SparseDGP

SparseDGP generates datasets with a controlled number of truly informative features; the remaining features are pure noise. This makes it useful for benchmarking feature selection and sparse methods.

Quick Start

import synthbench
from synthbench import BenchPipeline, SparseDGP

dgp = SparseDGP(n_informative=3, complexity="medium", task_type="regression", random_state=0)
pipeline = BenchPipeline(dgp)
result = pipeline.run(n_samples=500, n_features=10, random_state=42)
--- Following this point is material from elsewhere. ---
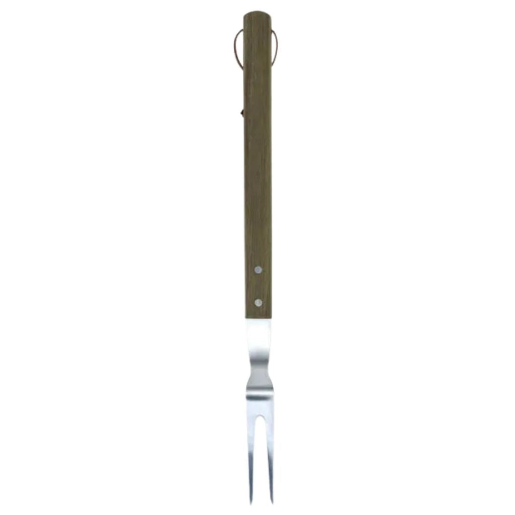- El tenedor tiene una construcción robusta, cuenta con mango de madera y una agarradera de cuero para colgar.
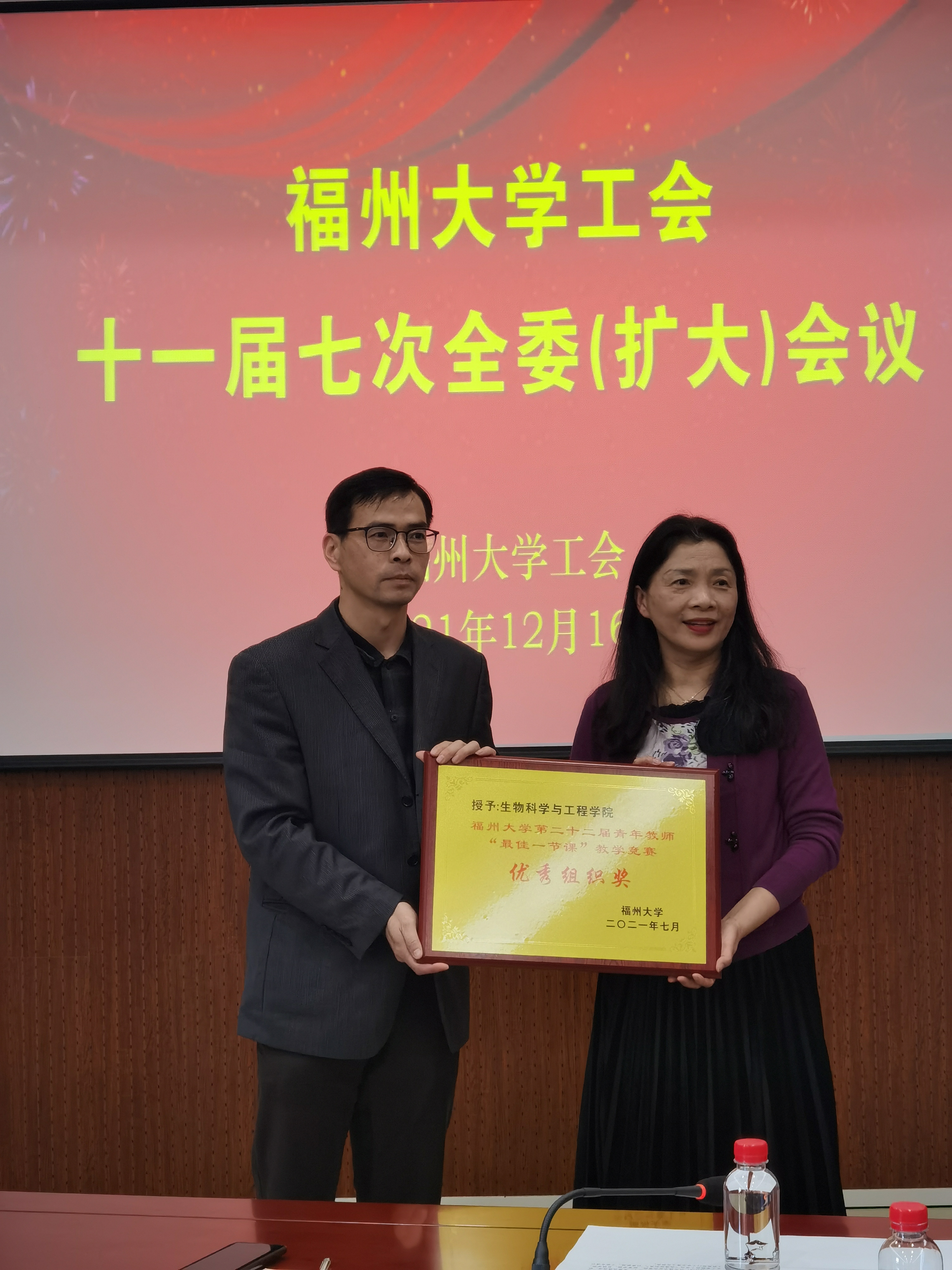 由校工會、教務處主辦的福州大學第二十二屆青年教師“最佳一節課”教學競賽優秀組織獎近日揭曉,我院憑借優秀的組織工作和良好的競賽成績,成為四個獲獎單位之一。學院工會主席張志雄老師從校工會常務副主席程玉敏老師手中接過獎牌。

print(result.X.shape)   # (500, 10)
print(result.y.shape)   # (500,)
print(list(result.metadata.keys()))

# Signal importances sum to 1.0; noise features are exactly 0.0
importances = result.metadata["signal_feature_importances"]
print(sum(importances.values()))  # 1.0

# Confirm noise features have zero importance
zero_importance = [k for k, v in importances.items() if v == 0.0]
print(f"Noise features: {len(zero_importance)}")  # 7

Parameters

Parameter	Default	Description
`n_informative`	`3`	Number of features that carry signal; remaining features are pure noise
`complexity`	`"medium"`	Controls the relationship between informative features and target
`task_type`	`"regression"`	`"regression"` for continuous target, `"classification"` for binary labels
`random_state`	`0`	Integer seed for reproducibility
`class_weight`	`0.5`	(Classification only) Fraction of samples in the positive class

Notes

Noise features receive exactly 0.0 importance (not near-zero) in signal_feature_importances. This is a hard contract, not a floating-point approximation.
n_informative must be less than n_features (the value passed to .run()).
Ideal for benchmarking LASSO, elastic net, sparse random forests, and other variable-selection methods.